Seeing that he took the initiative to find work, Li Yi was not polite and ordered: "Go and help me wash the coriander and take it over. Remember not to remove the roots! Wash the roots and shake more water after washing them before taking them over."

"Okay!"

Wu Lei turned around to wash coriander, while Liu Yifei held the bowl, soaked her thumb in the bowl, and walked over.

Seeing her, Li Yi smiled and said, "You can rest for a while! You don't need you for the time being."

"good."

Liu Yifei responded, but did not leave.

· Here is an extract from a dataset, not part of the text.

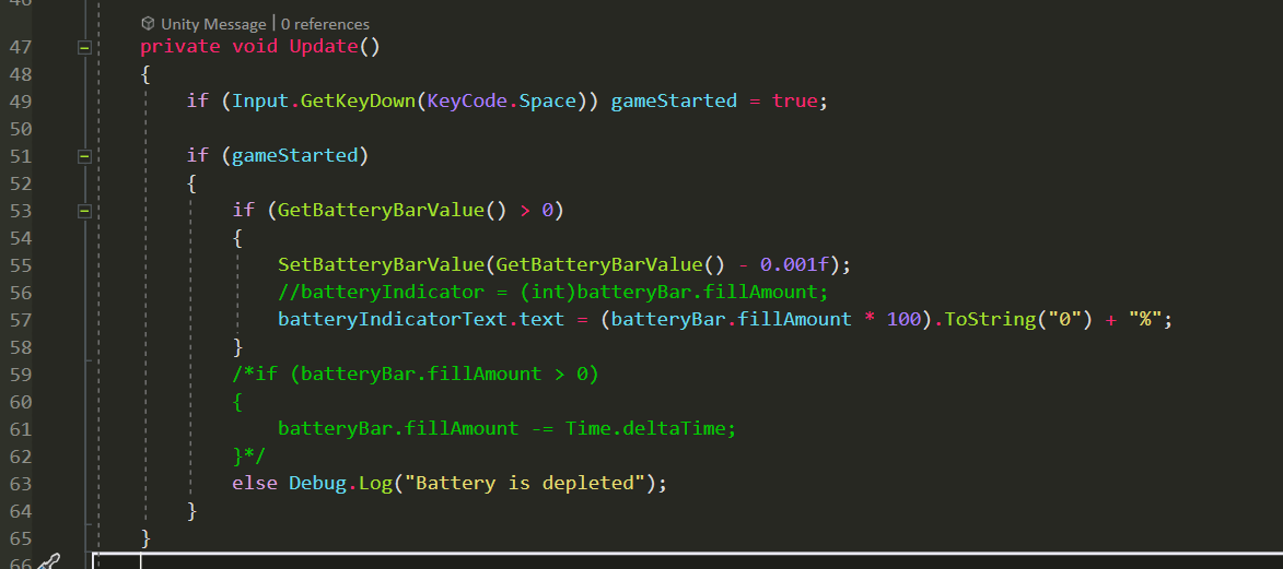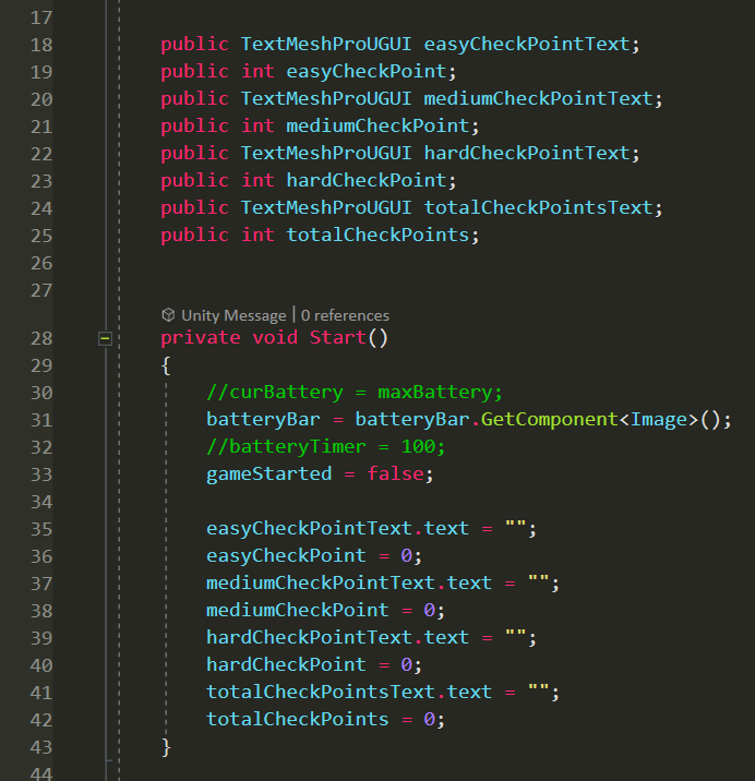 Create script for Drone going through checkpoints to recharge depleting battery. (Battery can simple be run on a timer script that counts down, and every time the drone goes through a checkpoint it’ll just add an int value to the timer.)

Instead, she stood aside and looked at the oil in the pot and asked, "What are you going to fry?"

"Make oil."

Li Yi explained casually.

“What is feed oil?”

Liu Yifei was very curious: "What is the difference between it and cooking wine?"

"The oil is the oil fryed with spices, which is more fragrant than ordinary oil."

Li Yi smiled and said, "On ordinary home cooking, you can't make the taste of a restaurant outside because many dishes in the restaurant use cooking oil."

"There's still this?"

Liu Yifei was surprised: "No wonder the oily vegetables I fried myself are not as delicious as the restaurant!"

“The feed oil is very useful.”

Li Yi smiled and said, "The so-called bright oil and bright oil in the restaurant refers to this cooking oil. When cooking, pour a little before serving. The dish looks good and delicious.

It can also be used when mixing cold dishes. It can have the flavor of spices, but it will not be full of seasoning residue, which will not look beautiful.

When mixing dumpling fillings and bun fillings, you can also use this oil, so the filling tastes very good.”

"dumpling?"

Huang Xiaoming heard the familiar words and pounded the peppers in the stone mortar and smiled: "I love eating dumplings so much. We Qingdao people can eat dumplings at three meals a day!"

"Then you come and see."

Li Yi smiled and said, "I will teach you how to blow it up."